FEDERATED LEARNING ARTICLES
Federated learning is a distributed machine learning paradigm that trains models collaboratively across many devices or organizations without centralizing raw data. Instead of uploading datasets to a server, each client trains locally and sends model updates to an aggregator, which combines them into a global model. This approach aims to protect privacy, reduce communication costs, and enable learning from sensitive or siloed data.
Research explores core algorithms such as Federated Averaging, which periodically aggregates local gradient or parameter updates, and more advanced optimization methods that cope with data that are non independent and identically distributed, unbalanced, or sparse. Personalization techniques adapt the global model to each client’s specific data distribution through fine tuning, meta learning, or multi task formulations.
Privacy and security are central topics. Differential privacy is applied by adding noise to updates, while secure aggregation and homomorphic encryption protect updates during transmission. Work on robustness examines how to defend against malicious or corrupted clients using anomaly detection, robust aggregation rules, or Byzantine tolerant protocols.
Communication efficiency is another key line of study. Researchers investigate update compression, quantization, sparsification, and partial participation schemes to make federated learning viable on bandwidth limited and battery constrained devices.

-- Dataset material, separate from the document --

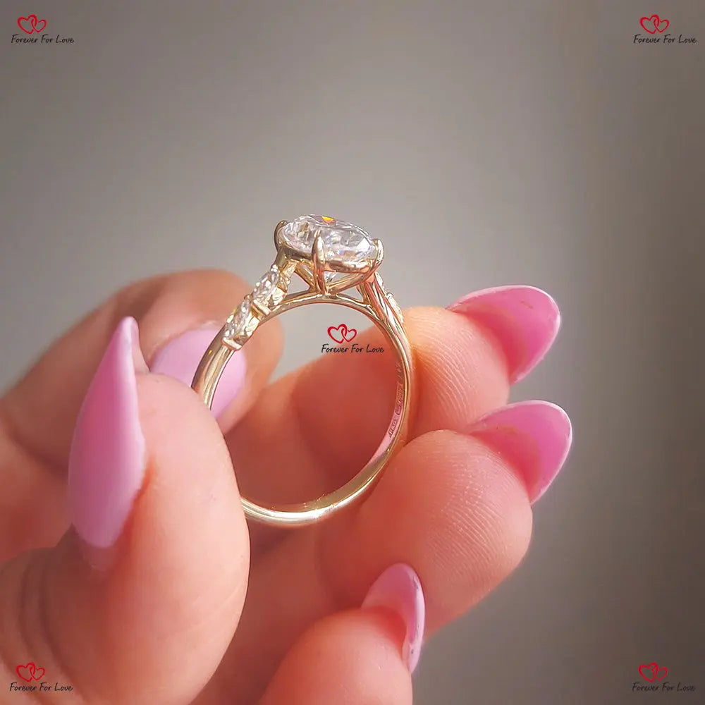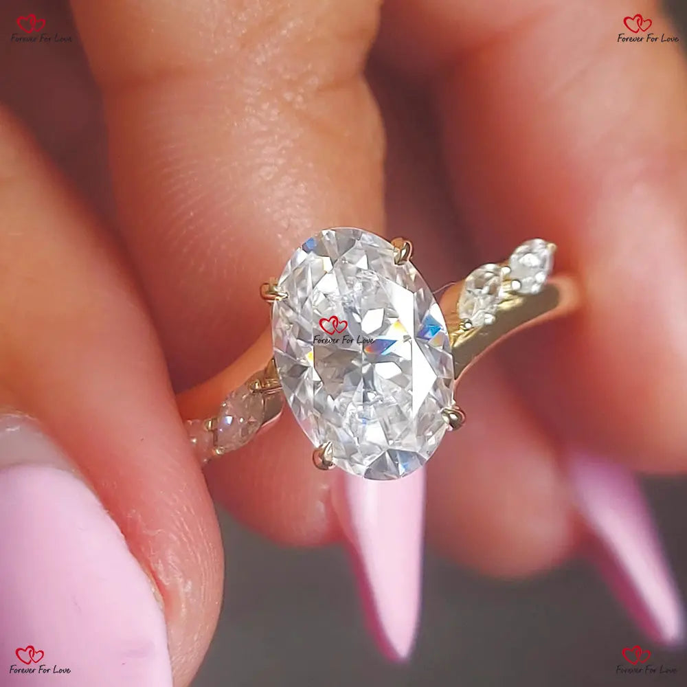 Bague de fiançailles ovale unique avec bande de diamants marquise

Applications span mobile keyboard prediction, speech recognition, healthcare, finance, industrial monitoring, and cross organizational collaboration where legal or competitive barriers prevent data sharing. Challenges remain, including handling system heterogeneity, ensuring fairness across clients, developing reliable evaluation methods, and integrating federated learning with edge and cloud infrastructures. The field is moving toward standardized benchmarks, open source frameworks, and practical deployments at large scale.